Walliams' books include Mr Stink, Billionaire Boy, Gangsta Granny and Ratburger.  Theoretically, they're not a true series - just books in the same style by the same author.

I would estimate the reading level of the books to be about 9-11 years old but they're fun for any age. 

The second series is a long-time favourite of mine - the Nicholas books by Rene Goscinny.  If you love the humour of the Asterix comics, you'll love Nicholas.  Both are written by the same author and follow the same guileless style of comedy.  In fact, Nicholas reads almost like a comic in prose form.  The stories are about a French boy, Nicholas, and the scrapes he gets into with his school friends.

The books were published in France more than 40 years ago, but they're still funny today.  When I was young, I used to borrow these from the library and I feel they're keepers.  Andre loves them, he still re-reads them sometimes. It took me a while to hunt down the hardcovers (these were the original versions).  I think they're gradually being phased out and replaced with soft covers.

Reading level is also about 9-11 years old.

Finally, we have The Great Brain series.  This is another time-tested series that I grew up with.  Written by John D. Fitzgerald, it's a semi-autobiography that tells of John and his adventures growing up with his brother, Tom aka the Great Brain. Tom is a conniving genius with a great love for money and is always scheming to swindle the neighbourhood kids.  Set in Utah in the 1900s, these stories tell of a simpler time but are still engaging and pretty much timeless.  

I collected these over many years, hence the disparate versions.  Sure that he would dislike the books, Andre started reading them reluctantly only upon my insistence.  To his own surprise, he grew to love the characters and really got into the books.  When he was on the last book, he actually lamented, "Why didn't the author write any more?", as if 8 in the series wasn't prolific enough.  

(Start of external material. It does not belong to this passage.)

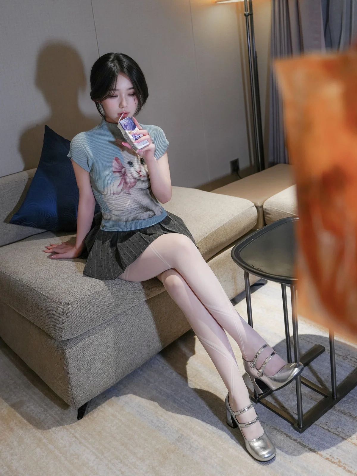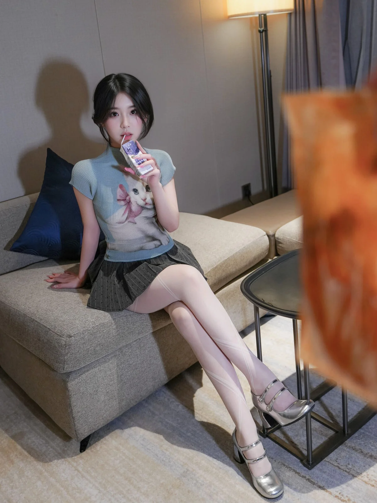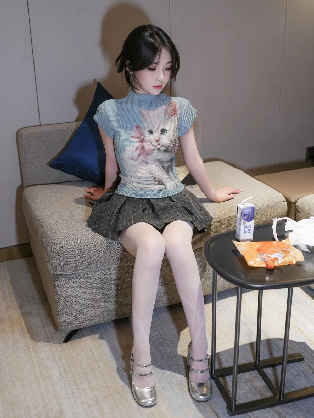 This captivating image captures XiuRen model Zhi Zhi (汁汁) in a wonderfully adorable and authentic moment. With her neat short hair and eyes focused on the snack in her hand, she exudes a natural and approachable beauty. Her light blue top featuring a playful cat print, paired with a stylish pleated skirt, creates a youthful and energetic look. This image truly embodies her endearing nickname, 'the chicken-loving girl,' showcasing her charming and relaxed demeanor in everyday life. It offers a genuine glimpse into effortless beauty, where the simple joy from a snack is enough to light up the entire frame.#ZhiZhi #XiuRen #Model #ChickenLovingGirl #CandidBeauty #NaturalCharm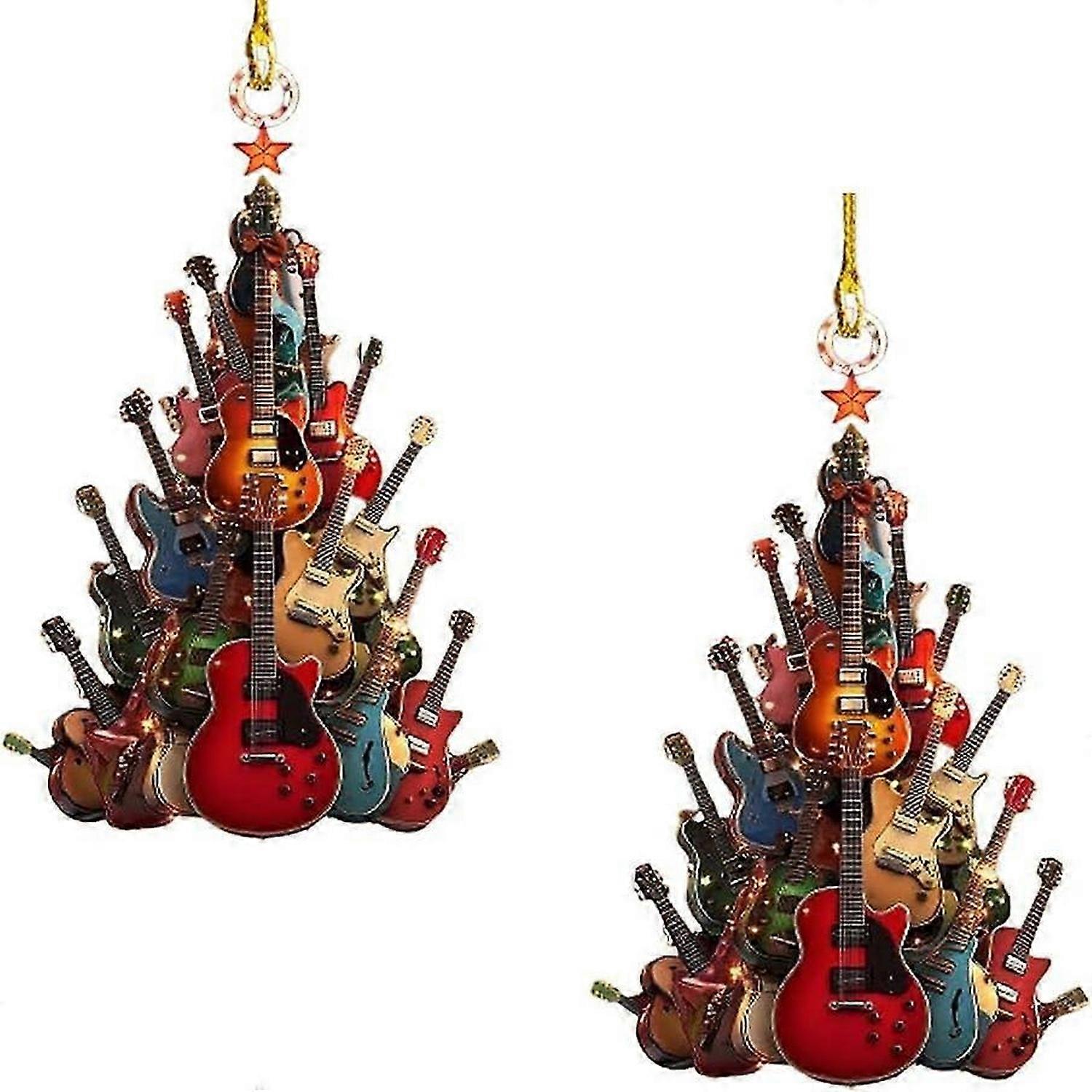 Rockin' Around The Guitar Christmas Tree Ornament, 2D Premium Acrylic Rock Guitar Christmas Tree Ornament, Guitar Musical Instrument Ornament Gift for

I estimate the reading level to be 10-12 years old.

Monday, March 4, 2013

Those Miserables adults

When Les Miserables was finally released as PG-13, we brought the whole family to catch it at the cinema. Les Miz has long been Kenneth's and my favourite musical since we enjoyed it on West End many years ago.

The movie didn't disappoint (except for Russell Crowe who was like a wooden American Idol contestant trying not to get his notes wrong).  As for Anne Hathaway, gosh. She really lived up to the hype. That voice, those eyes and the gut-wrenching emotion - totally deserves her Oscar.

Anyway, I emerged from the movie theatre, red-eyed and heart-wrung.  A few days later, my friend Lilian asked me at which parts my kids cried cos her teenage son Brian remained stoic while she wept throughout. Upon questioning my kids, I was absolutely floored when both of them replied they didn't shed a single tear! Lesley-Anne said she felt touched at many parts but not enough to cry.  In fact, Andre looked at me astonished and said, "hah? you mean you actually cried?"

Not weep even for poor Fantine? Thou art heartless souls!

I was grumbling about how emotionless my kids were to another friend when she offered an alternative explanation - kids tend to be less moved by movies/books because they have had limited life experience and therefore can less identify with human situations, especially adult ones.  She recalled how when she was young, her mum would sob uncontrollably over some tv drama while she and her brother would cringe as they passed her a box of tissue.  Now, my friend's the one who blubbers in front of the tv!

Orrnnhhhh.  It makes sense. I remember in my first job, there was only one married-with-kids colleague in my department.  Ever so often, she would bring up some news article of kids being killed in accidents or dying of illnesses with horror and tears in her eyes while the rest of us would look nonplussed and think, "yeah, it's sad but so are lots of other tragedies in the world."

It's only when I became a parent myself that I fully understood the extent of her feelings.  In other words, when adults watch Les Miz, we absorb the full emotional onslaught in relation to our knowledge and experience of life, whereas for our kids, it's probably just another sad story of emo, dysfunctional adults who can burst into song at perfect pitch even when they're dying.

So my kids are not heartless afterall. Phew.